Les statistiques ne disent pas tout. Fondamentalement, pour un parti qui se veut le champion du fédéralisme à tout crin, rien à craindre de l'immigration. Le PLQ ne changera jamais là-dessus et le multiculturalisme passéiste à la Trudeau, ils y croient encore!

De façon plus réaliste, l'ennui c'est le manque criant de ressources pour franciser convenablement les nouvelles vagues d'immigration non francophone. Sans compter que sous la gouverne libérale, cette immigration ne trouve aucune barrière, même de l'appui!, pour continuer à se ghettoïser davantage et choisir l'anglais comme langue d'usage au Québec.

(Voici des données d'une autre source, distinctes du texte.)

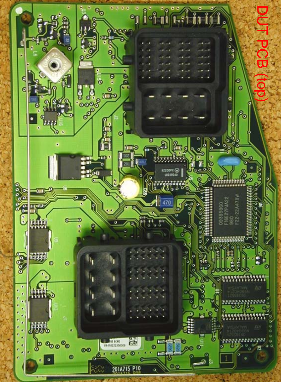
DUT PCB (top)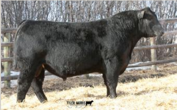
MATERNAL BROTHER TO 47D, FAR 13C, SOLD TO ROD BLENKIRON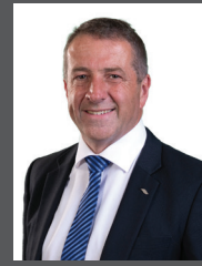
Cr Andrew Conlon (Mayor)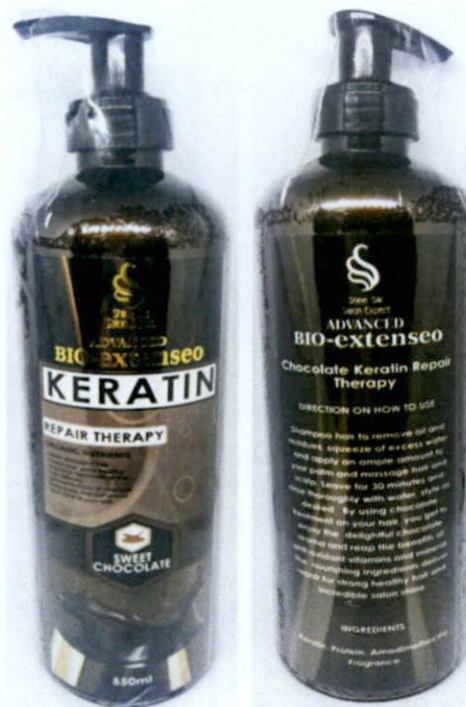
Figure 1. Unnotified Shine Silk Salon Expert Advanced Bio-Extenseo Chocolate Keratin Repair Therapy

The Food and Drug Administration (FDA) warns the public from purchasing and using the following unnotified cosmetic products: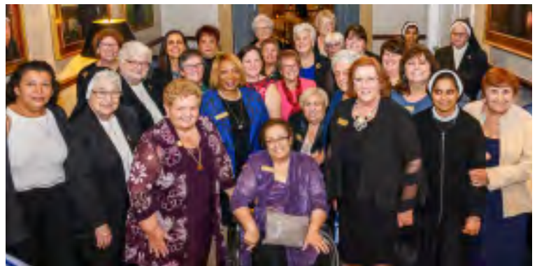
The National Board, New York State Board and many members from New York Court St. Margaret Mary attended the SOAR dinner

The gala, held at the New York Athletic Club, is a major fundraiser for SOAR! which provides grants to religious congregations to meet the immediate needs of their retired and infirm members.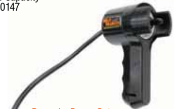
Power-In, Power-Out Remote Control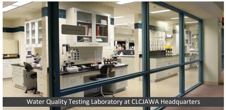
Water Quality Testing Laboratory at CLCJAWA Headquarters

Our tap water quality is consistently monitored by the Village, by the Illinois Environmental Protection Agency (IEPA), in the CLCJAWA Water Quality Lab, and by other independent labs. This aggressive water quality assurance program is thorough: bacteriological tests are conducted six times more often than required, water clarity is monitored every 10 seconds, and our water is checked for over three hundred contaminants annually.

Pis encore, bien des immigrants s'établissent au Québec et rapidement constatent que ce mélodrame sur l'identité nationale est déprimant. Combien de fois au cours de ma carrière d'enseignant au niveau post-secondaire ai-je eu des discussions avec de fort intéressants étudiants étrangers, stoïques devant nos revendications. Ne sommes-nous pas le seul peuple moderne à s'être refusé son émancipation... DEUX FOIS plutôt qu'une!!!!!!!!! Pour un étudiant d'origine guatémaltèque qui a vu ses parents donner sang et eau pour le simple droit de vote, cela demeure inconcevable!

C'est rigolo de voir les fédéralistes user d'euphémismes pour défendre du bout de la langue cette langue qu'ils disent aimer mais toujours en s'assurant de ne pas encourager l'option souverainiste. En cette couardise repose excatement la raison pour laquelle le fait français en amérique se créolise, petit à petit, s'étiolant devant la peur de ceux qui le parle de s'émanciper et se donner le seul outil qui puisse garantir sa survie : un pays.